*** Entries shown ***

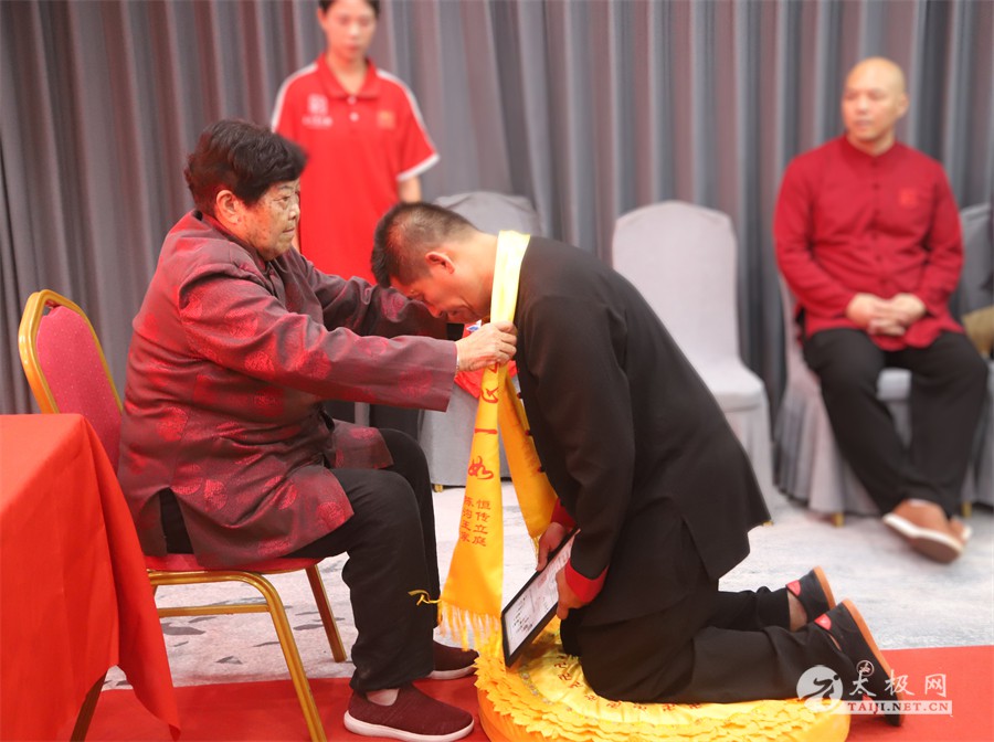 (太极网讯)2024年9月14日,太极拳名家、陈式太极拳第十一代传人、王西安大师夫人陈新意老师收徒仪式在温县举行。太极拳爱好者武京文通过传统仪式拜师,正式成为陈式太极拳第十二代传承人。 陈氏太极拳省级代表性传承人、河南省太极拳协会副会长王战军,王西安大师长孙、陈家沟武医堂堂主王祺斌,河南省太极拳协会副会长王天运,焦作市太极集团董事长王战平,保和堂堂主李旭,温县作家协会副秘书长武国财,太极网创始人刘洪奇等嘉宾以及王西安弟子李利清、陈大虎、原东升、宗建贵、金三、武国有、王书平、王希福等出席活动,收徒仪式王东红主持。 仪式遵循传统,简洁庄重。陈新意老师向历代太极拳先贤敬香祭酒,追忆先辈创拳之恩德,感念先贤传拳之辛劳。新入门弟子上前递交拜师帖、行拜师礼,师父为其颁发回帖,传承人绶带。随后师父陈新意对新弟子训诫,她激励新弟子刻苦钻研、精进武艺,同时,她也表达了对新弟子的期望和祝福。在众人的见证下,拜师仪式圆满礼成。 责编:小田 |
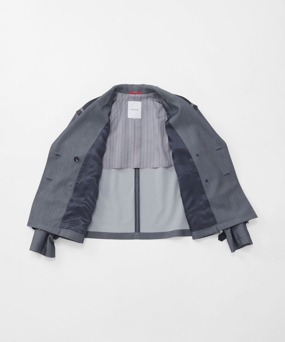背ヨーク・肩章・ウエストベルト・袖ベルトには無地素材を配色にすることで、全体を引き締めています。
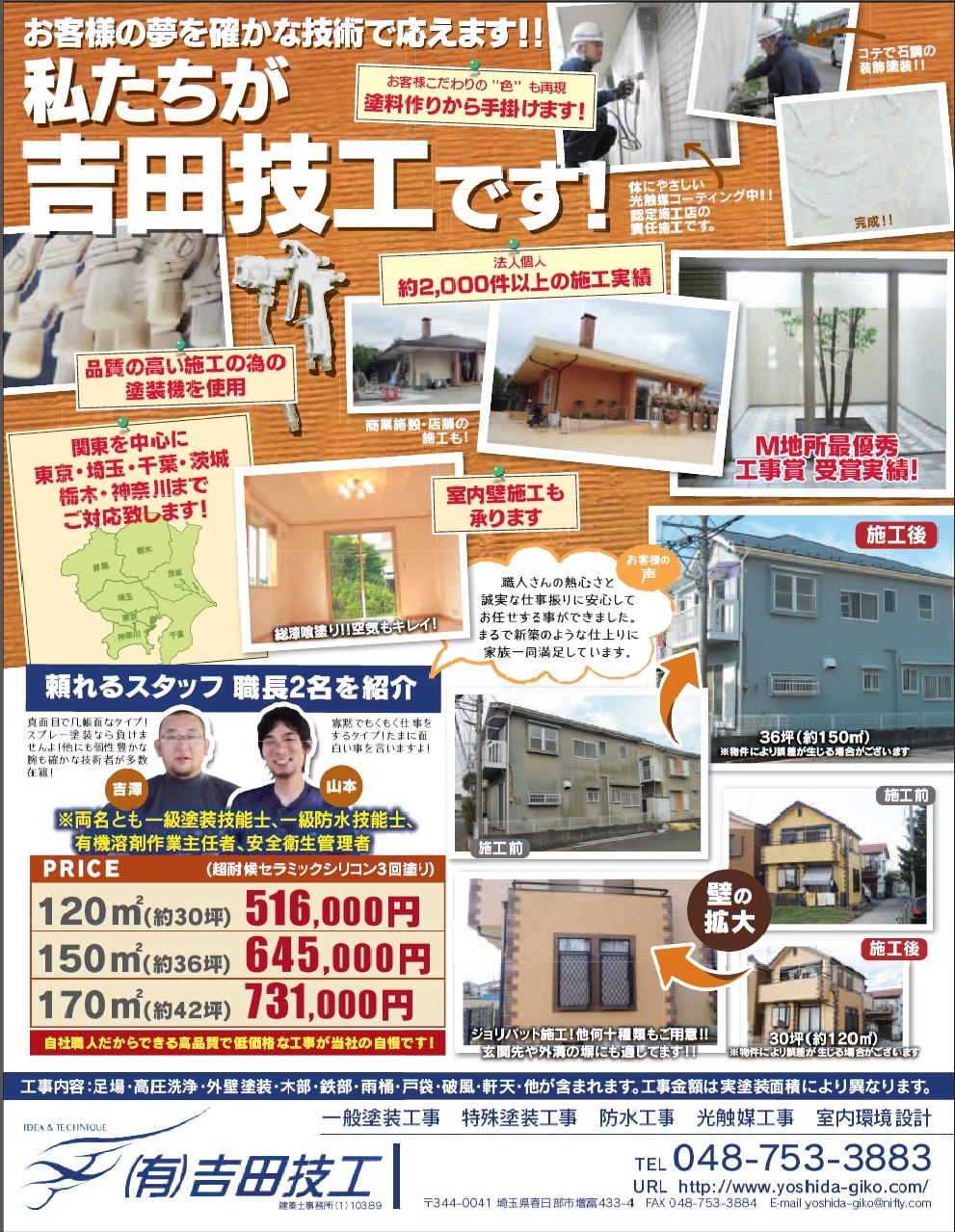 春日部の外壁塗装、塗り替え、防水工事の株式会社吉田技工なら一戸建て外壁塗装、屋根塗装、ジョリパットから1棟ビル施設マンション大規模改修まで
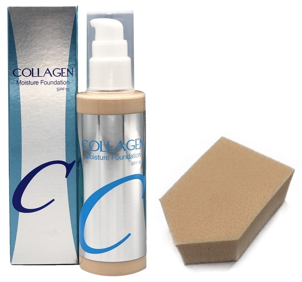 Enough Тональный крем Collagen Moisture Foundation со спонжем, SPF 15, 100 мл, оттенок: 21
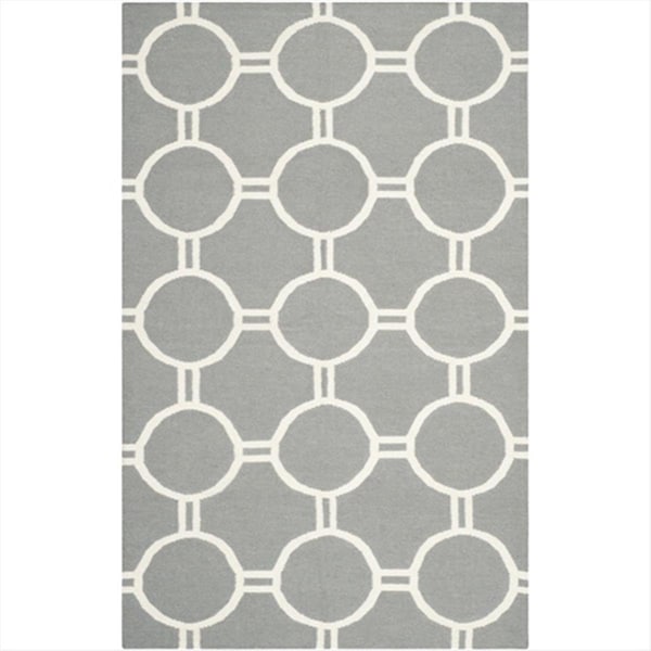 5 x 8 ft. Rectangle- Contemporary Dhurries Grey And Ivory Flatweave Rug (Discontinued)
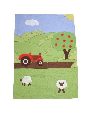 Powellクラフトベビー男の子Farmyard Cribキルト。75 cm X 102 cm.グリーン

*** End of Entries shown ***

● Work instructions
Look above for the line containing "5 x 8 ft. Rectangle- Contemporary"; output that line and all lines after it through the last one exactly, without the pictures.

● Exercise output
 5 x 8 ft. Rectangle- Contemporary Dhurries Grey And Ivory Flatweave Rug (Discontinued)
 Powellクラフトベビー男の子Farmyard Cribキルト。75 cm X 102 cm.グリーン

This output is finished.